Sport and the Military: The British Armed Forces 1880-1960.
Ward, Paul
Sport and the Military: The British Armed Forces 1880-1960, by Tony
Mason and Eliza Riedi. Cambridge, Cambridge University Press, 2010. ix,
288 pp. $90.00 US (cloth), $32.00 US (paper).
The Duke of Wellington did not claim that the Battle of Waterloo
was won on the playing fields of Eton, yet, as this book shows, many in
the British armed forces did believe that playing sports made for a more
effective fighting force. Mason and Riedi's detailed and well
researched book explores the role of sport in the military across the
late nineteenth and twentieth centuries. The book is largely
chronological providing a narrative account of the emergence of
organized sport in the British Army, the Royal Navy and the Royal Air
Force.
The first chapter examines the period up to the First World War,
and the authors show how the development of military sport coincided
with a movement to elevate the "moral and intellectual
standard" of Britain's servicemen. The chapter analyzes
boxing, football (soccer), rugby and cricket, among other sports, as
they were played across the services both at home and throughout the
Empire. As Lieutenant G.C. Harrison concluded in 1912, "wherever
there is an English community one can invariably get a game played in a
good sporting spirit" (p. 31). A second chapter reveals differences
between the ranks as it explores officer sports, such as polo,
fox-hunting, and pig-sticking, which showed the continuing hold of the
aristocracy upon important components of the social life of the forces.

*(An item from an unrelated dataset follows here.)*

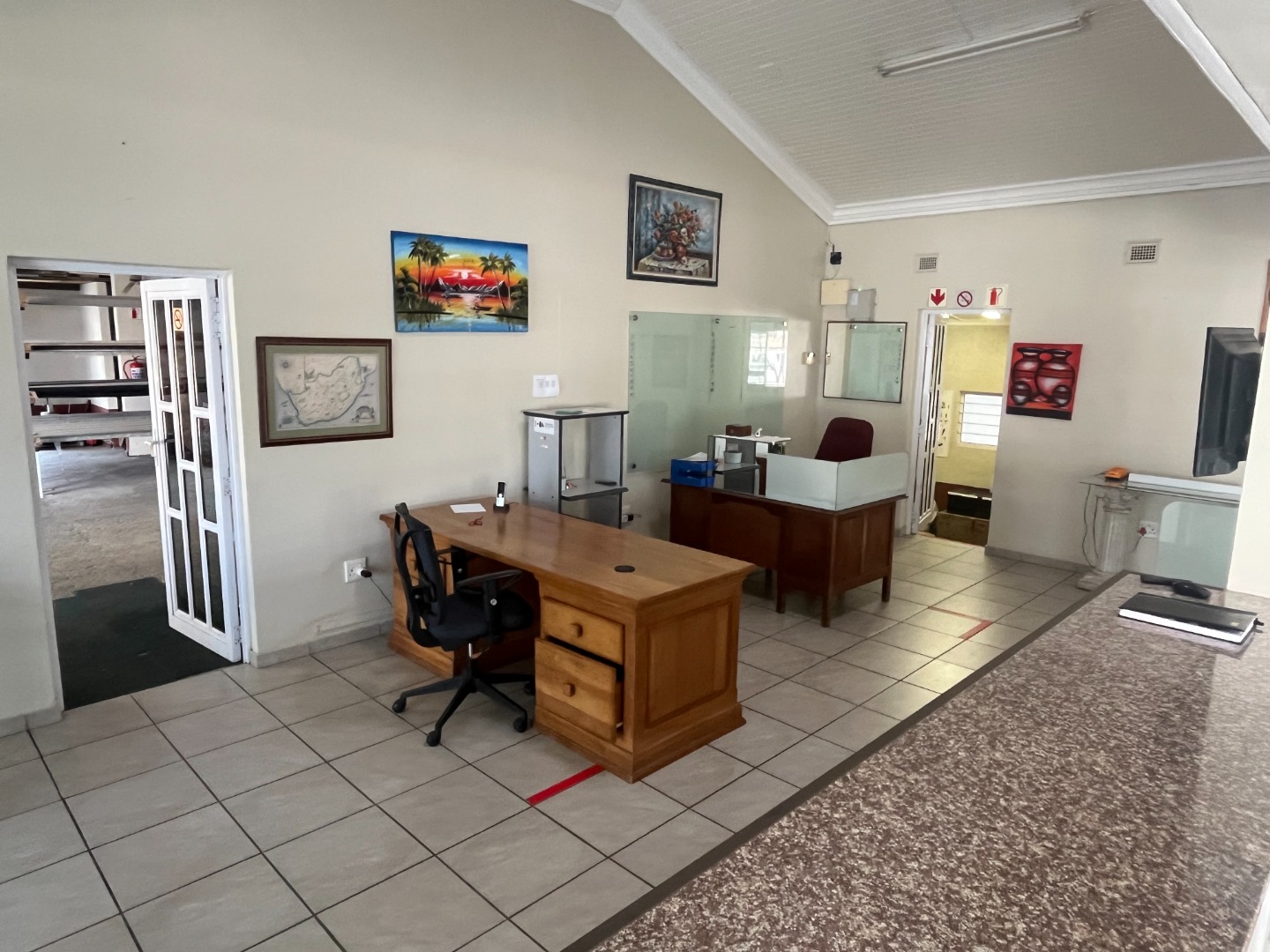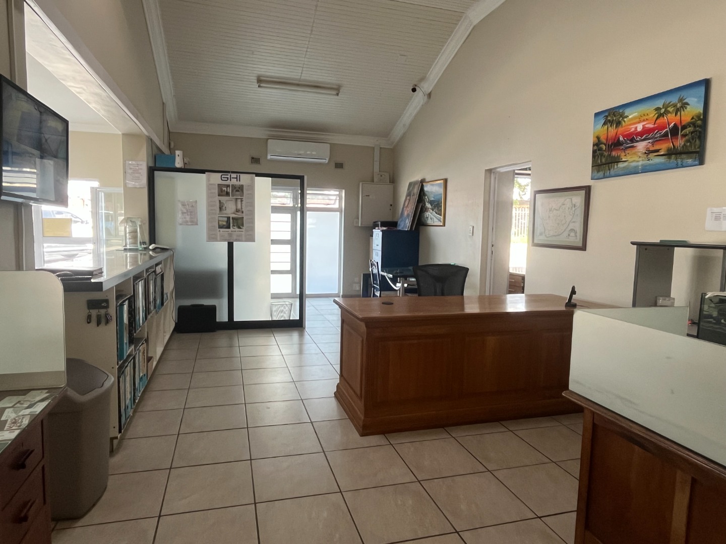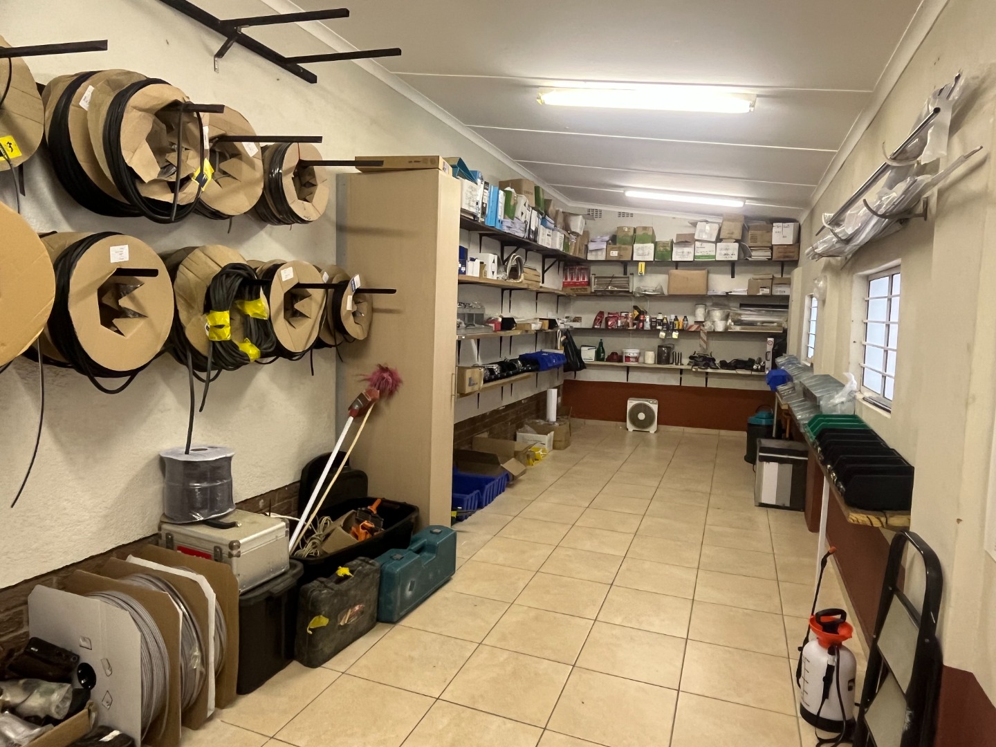 Park Rynie Commercial Warehouse with big office space offering a counter off reception area, kitchen and 2 bathrooms, show area space with big warehouse space with separate big garage door. Side space attached with extra work area. Outside u/cover with Jojo tank with motor, Solar runs all but big machine. Walled and fenced with remote main gate.1 aircon in main office with Fibre. Water and Electricity metered and extra on top.

"We were hunting five and six days a week," revealed one
officer stationed at Aldershot in the 1880s (p. 52). A government report
in 1902, in the wake of Britain's poor performance in the South
African War, decided that while officers were physically fit, their
intellectual state was less satisfactory. Yet sport continued to be seen
as a way of improving soldiering despite such conclusions and the death
of 36 officers in polo accidents between 1880 and 1914.
Chapter three analyzes sport in the changed circumstances of the
Great War, when the forces were reshaped into a citizen army. At the
same time sport was transformed from spontaneous and improvised into a
compulsory activity for all troops. Matches and tournaments were used
for recruiting purposes and also to relieve the boredom of an army that
spent most of its time away from the front-line. The extent of wartime
sport can be gauged by the employment of six engravers producing medals
for sporting competitions in France alone. The war also brought the
issue of amateurism versus professionalism to the fore, as the officer
corps encouraged the playing of sport for sport's sake, and money
prizes were withdrawn from military competitions. With the return of
peace in 1918, military sport flourished. In 1918 the Army Sport Control
Board was established (with one for the navy formed in 1919 and for the
RAF in 1921). This organization of sport brought an assertion of the
purpose of sport to produce good soldiers according to a public-school
model based on amateurism. While the war had decimated the British
aristocracy, the forces still allowed them a haven in a heartless and
democratic world. Horses continued to be provided to officers even after
the mechanization of the cavalry and the RAF Beagles Association aimed
to have a pack of hounds at every RAF base. Despite the dominance of the
aristocracy, sport also provided an important meeting ground for
soldiers and civilians, as chapter five shows. Soldiers played in front
of civilian crowds, played against and in civilian teams, as well as
performing in civilian competitions as individuals. The Marquis of
Exeter of the Grenadier Guards, for example, won the 400 meter hurdles
at the 1928 Olympics and Sergeant Ferris ran in three Olympic marathons,
winning a silver medal in 1932.
The sixth chapter considers the Second World War and returns to the
theme of sport in a mass army. One major difference with the Great War,
was that most British servicemen were stationed in Britain until the
1944 re-invasion of France and, in this circumstance, sport thrived. It
was then readily exported to theatres of war across the world as
Britain's forces struck out to fight on the road to victory. The
final chapter of the book continues this theme as Britain maintained
conscription into peacetime. Such famous sporting names as Derek
Ibbotson (athletics), Brian Clough (football), and Fred Trueman
(cricket) undertook national service. This seems to have democratized
sport in the armed forces, though the spirit of amateurism remained
paramount.
This is an impressive book based on extensive archival research,
but without becoming too dense. It is filled with real stories of
individual servicemen and a few servicewomen too. It concludes that
there was an awful lot of sport in the British military and that the
forces provided a good home for amateurism. The authors do wear their
arguments very lightly. It is clear that those in control of sport in
the forces believed the claim about Waterloo and the playing fields of
Eton. It is also clear that class continued to matter in the armed
forces, and upper-class identity could be expressed through sporting
practice and success. But non-aristocratic service men also enjoyed
sport and asserted their own agency through its practice. In the wake of
the Second World War, it seems that the armed forces reflected societal
and political changes and it would have been useful for such conclusions
to be related more to developments across wider British society. This in
turn would have enhanced the significance of what is already a very good
book, making it an exercise in social history rather than a study more
narrowly focused in the military history of sport.